Ilustração reproduzida do Jornal Contábil
Apesar da aparência de normalidade nos Estados Unidos, o crescente sentimento de desesperança de seu povo, evidenciado pela epidemia de drogas, a nostalgia e o afundamento da classe média em dívidas, traz um alerta: algo está corroendo o poder de compra do famoso “americano médio”. Este processo de corrosão é bem conhecido pelos brasileiros, através de duros processos inflacionários. Mas lá a inflação estadunidense está a décadas dentro da meta (os místicos 2% ao ano). Ou pelo menos é o que diz o índice de preços ao consumidor.
Cabe lembrar que, em termos de contabilidade criativa, o Brasil ainda está engatinhando (apesar de já ter tido um afastamento presidencial pelo motivo). A vanguarda está, certamente, com os Estados Unidos da América, que disparou na liderança após o escandaloso estouro das agências de risco e derivativos podres de 2008 (que todo mundo hoje finge que não existiu).
“SUBSTITUIÇÕES” – Em 11 de outubro, o jornalista Max Keiser publicou um artigo citando alguns meandros da contabilidade da inflação medida pelo índice ao consumidor dos EUA. Dois fatos impressionantes: o uso das “substituições” (por exemplo, comparar o preço de 1 kg de bife bovino por 1 kg de hamburguer, posteriormente substituído por 1 kg de frango) e o uso dos “ajustes hedônicos”, onde ganhos de qualidade ou prazer com um produto reduzem a inflação.
Como para tudo se tem explicação, a justificativa para essas correções é boa. A substituição representa a mudança comportamental do perfil de consumo. O ajuste hedônico incorpora o ganho no conforto humano com a tecnologia. Por exemplo, uma TV de tubo de 21 polegadas custava R$ 800 há 10 anos, enquanto hoje se compra uma tv de LED de 32 polegadas por R$1.200. A inflação da tv, considerados os ajustes hedônicos, pode ser 0% em 10 anos, ou até negativa, dependendo de quanto se valora o prazer adicionado no novo aparelho.
UMA TENTATIVA – Acontece que as “substituições” são a forma das famílias fazer bater as contas, e não seu desejo de mudar o comportamento. Aqui no Brasil tivemos um episódio em que o ministro da Fazenda sugeriu às pessoas substituírem a carne por frango ou ovo. Certamente ele tinha conhecimento do método de cálculo estadunidense (e talvez um desejo latente de pedalar).
Em teoria, os ajustes hedônicos são uma via de mão dupla: se a qualidade de um produto ou serviço piora, a inflação deve subir.
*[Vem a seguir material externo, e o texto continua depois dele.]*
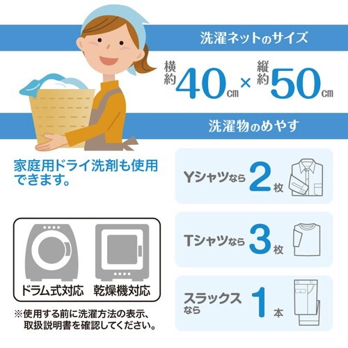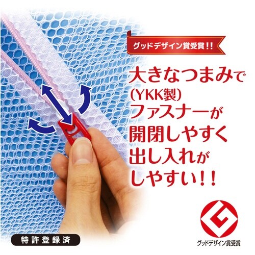 丈夫で水通しの良いレギュラーメッシュを使用した大物角型の洗濯ネットです。 ワイシャツなら2枚、Tシャツなら3枚、スラックスなら1本洗えます。 ファスナーが開けやすい大きな引き手です。 |

Em teoria apenas, pois estes ajustes nunca aconteceram. Na prática, não se encontra nenhum episódio na história do índice de inflação que se tenha feito o ajuste hedônico negativo.
Exemplos de perdas de qualidade não faltam: passagens aéreas agora não incluem lanche, bagagem, espaço. A mesma TV de LED citada antes tem uma durabilidade de 5 anos, enquanto a de tubo durava, no mínimo, 10 anos.
PERDA DOS DIREITOS – Além disso, de forma mais geral, a perda dos direitos dos cidadãos também induz a um ajuste hedônico negativo, pois todo direito removido precisa ser reforçado pelo trabalhador mediante dinheiro. São seguros, poupanças, plano de saúde, de previdência complementar, processos trabalhistas mais caros, toda uma gama de produtos que o sistema financeiro oferece para substituir os direitos reduzidos e que retratam, na prática, um processo inflacionário.
A inflação hedônica negativa da educação superior é outro exemplo: as pessoas pegam financiamentos para adquirir um produto (diploma) que já não entrega mais o retorno de antigamente (carteira assinada). No final, sobra a dívida com emprego precário, transformando jovens de 25 anos em zumbis.
DOIS ALERTAS – Para a realidade brasileira, ficam dois alertas: (1) a qualquer momento alguém vai trazer (ou já trouxe) a ideia de aplicar substituições e ajustes hedônicos no IPCA, efetivamente baixando o placar da inflação; (2) toda redução de direito do trabalhador implica em um processo inflacionário oculto, pois troca um serviço de estado, fora do sistema do mercantilismo, por um serviço pago.
Em resumo, é preciso apreciar com moderação os índices inflacionários (e, por consequência, o crescimento do PIB) como medida de qualquer coisa que se assemelhe a qualidade de vida do cidadão médio.